Tissue arrays were dewaxed and antigens retrieved using high pressure. Endogenous peroxidases were blocked with 3% hydrogen peroxide for 10 min. After immersion in normal goat serum for 30 min, tissues were incubated with the primary antibody at 4 °C overnight, washed with phosphate-buffered saline (PBS), and then incubated with a biotin-conjugated secondary antibody for 30 min at 37 °C. After washing, the sections were incubated with horseradish peroxidase (HRP) complex for 30 min at 37 °C and visualized using diaminobenzidine (DAB). All immunohistochemical images were obtained under an Olympus BX51 microscope equipped with a 20× , a 40× , or 100× objective lens (Olympus, Tokyo, Japan) and a DP 50 camera (Olympus). Images were processed using DPC controller software (Olympus).

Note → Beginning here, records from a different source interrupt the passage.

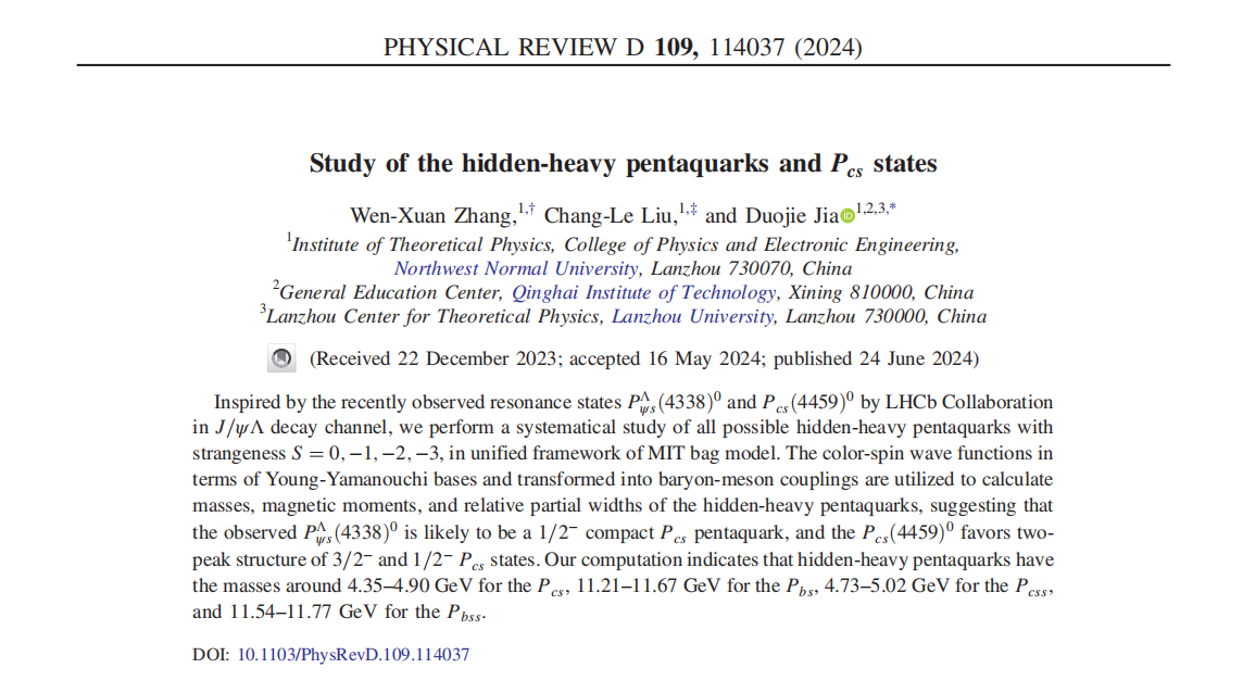 近日,以我中心物理教研室教授贾多杰为通讯作者,以青海理工学院为第二单位的研究论文Study of the hidden-heavy pentaquarks and Pcsstates发表于世界著名物理学术期刊《物理评论D》(Physical Review D,简称PRD)。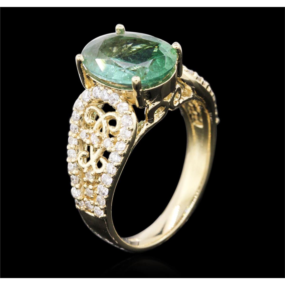 One electronically tested 14KT yellow gold ladies cast emerald and diamond ring with a bright polish finish. Identified with markings of "K14". Condition is new. Containing: One prong set oval modified brilliant cut natural emerald, measuring 11.43 x 8.70 x 4.35mm, approximate weight of 2.47ct., clarity is slightly included, type III, light, very slightly grayish, green color, (GIA G 3/3), cut is good. Fifty-Eight prong set round brilliant cut diamonds, measuring 1.30 - 1.30 x 0.78mm (depth est.) approximate total weight of 58 Stones = 0.46ct. Clarity: SI-2 to I-1. Color: K, Cut is Good. Colored gemstones are presumed to have been subjected to commonly used enhancement processes. All diamonds and colored gemstones are graded in the mounting, unless otherwise stated. Total Weight of Colored Stones 2.47ct. Total Weight of Diamonds 0.46ct. Total Weight of Ring 5.50 grams. GGL Appraised at $4,475.00.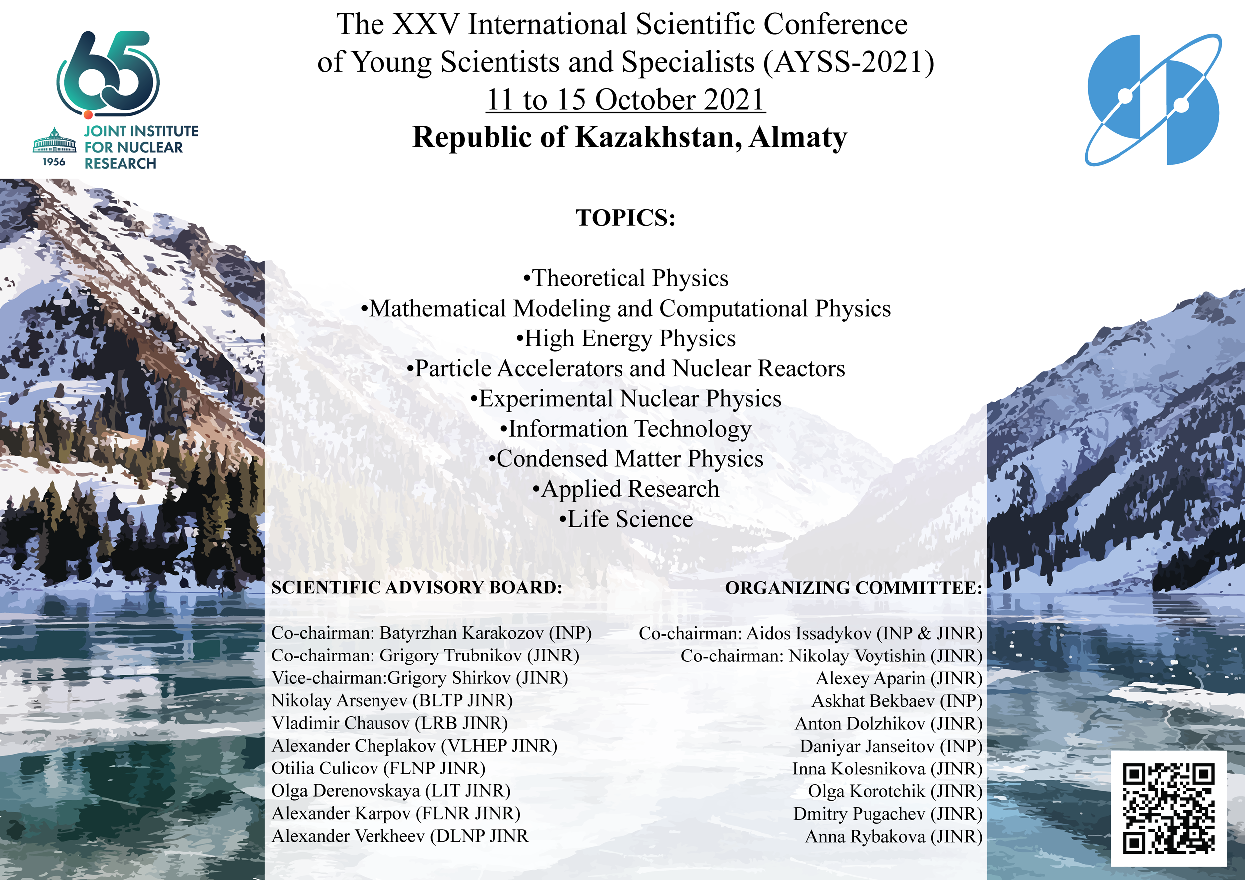 The Association of Young Scientists and Specialists of JINR kindly informs that registration for the XXV International Scientific Conference of Young Scientists and Specialists (AYSS-2021) is open. The event will take place from 11 to 15 October 2021 at the Institute of Nuclear Physics (INP) of the Ministry of Energy of the Republic of Kazakhstan, Almaty.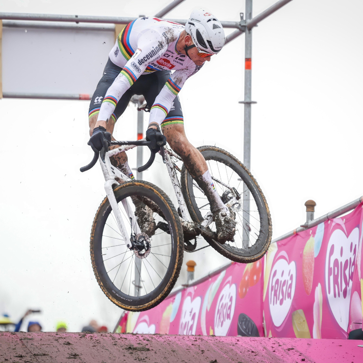 Sieben Cyclocross-Weltmeistertitel später steht er zum Saisonstart 2025 immer noch mit dem Canyon Inflite am Start, das sich die auffällige Silhouette des ersten Modells mit einem Knick im Oberrohr erhalten hat. Dieses Jahr schickt Canyon sein Aushängeschild mit silber glänzender Lackierung und standesgemäßen Weltmeisterstreifen ins Rennen.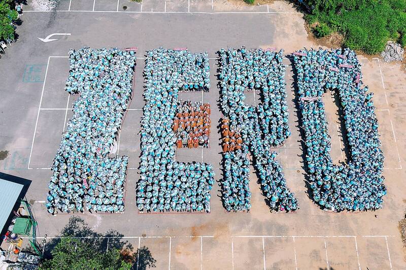 近2000名與會大眾,以人牆排成「ZERO」圖騰,宣示執行「零碳排」。(佛光山提供)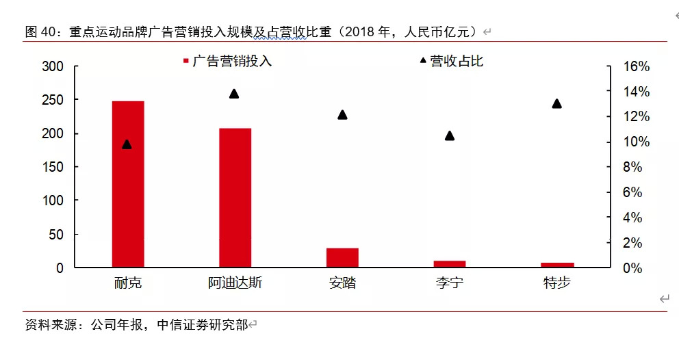 再者,对于综合运动品牌而言,国内品牌和国际龙头仍然在营销、研发的投入上存在数量级的差距。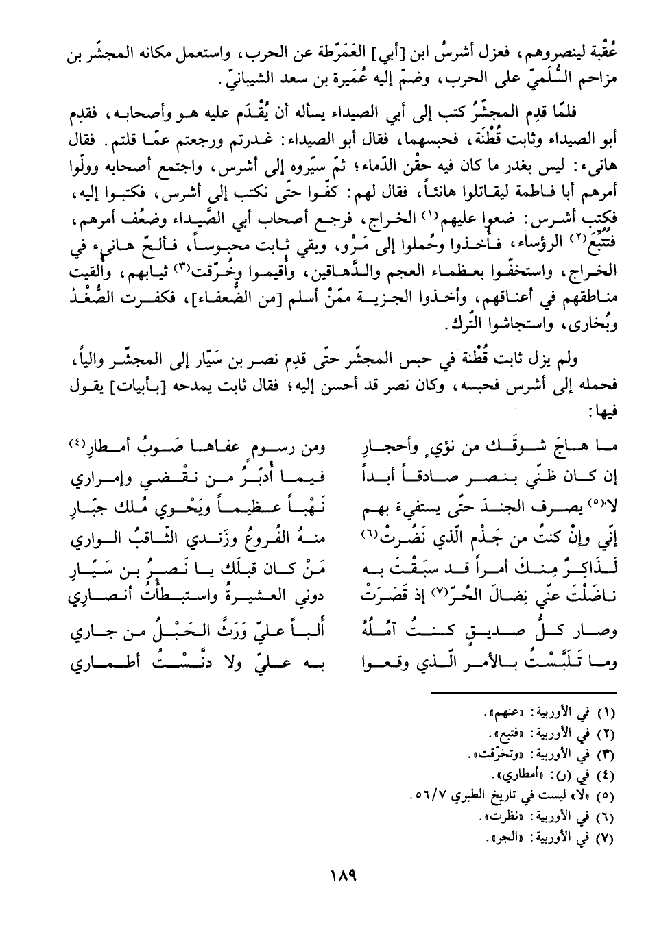وَلَمْ يَزَلْ ثَابِتُ قُطْنَةَ فِي حَبْسِ الْمُجَشِّرِ حَتَّى قَدِمَ نَصْرُ بْنُ سَيَّارٍ إِلَى الْمُجَشِّرِ وَالِيًا، فَحَمَلَهُ إِلَى أَشْرَسَ فَحَبَسَهُ، وَكَانَ نَصْرٌ قَدْ أَحْسَنَ إِلَيْهِ، فَقَالَ ثَابِتٌ يَمْدَحْهُ [بِأَبْيَاتٍ] يَقُولُ فِيهَا: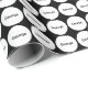 A wrapping paper designed with a white dot pattern on a black background and name. Customise the wrapping paper with your special name or text among other options.
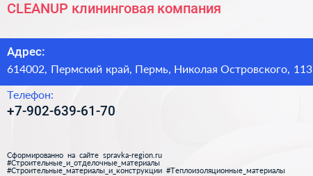 CLEANUP, клининговая компания по адресу 614002, Пермский край, Пермь, Николая Островского, 113 в дальнейшем Организация, размещена в следующих категориях:

Immunohistochemical staining was evaluated by a semiquantitative scoring method. The SLC39A4 staining was scored as follows: no staining (0), light positive staining (1), medium positive staining (2), and strong positive staining (3). The area of positive staining was scored as: <5% (0), 5–25% (1), 26–50% (2), 51–75% (3), and >75% (4). An overall score was calculated by multiplying the intensity and expression scores for each sample. SLC39A4 expression was dichotomized using median staining intensity as the cutoff to define “high” or “low” as above or below the median, respectively.

Cell culture

The A549 and SPC-A-1 lung cancer cells and the BEAS-2B normal lung epithelial cell line were maintained in RPMI-1640 medium supplemented with 10% (vol/vol) foetal bovine serum (FBS), 10 mM l-glutamine, and 5 mg/mL penicillin/streptomycin at 37 °C with 5% CO2. All media and supplements were purchased from Invitrogen (Carlsbad, CA, USA).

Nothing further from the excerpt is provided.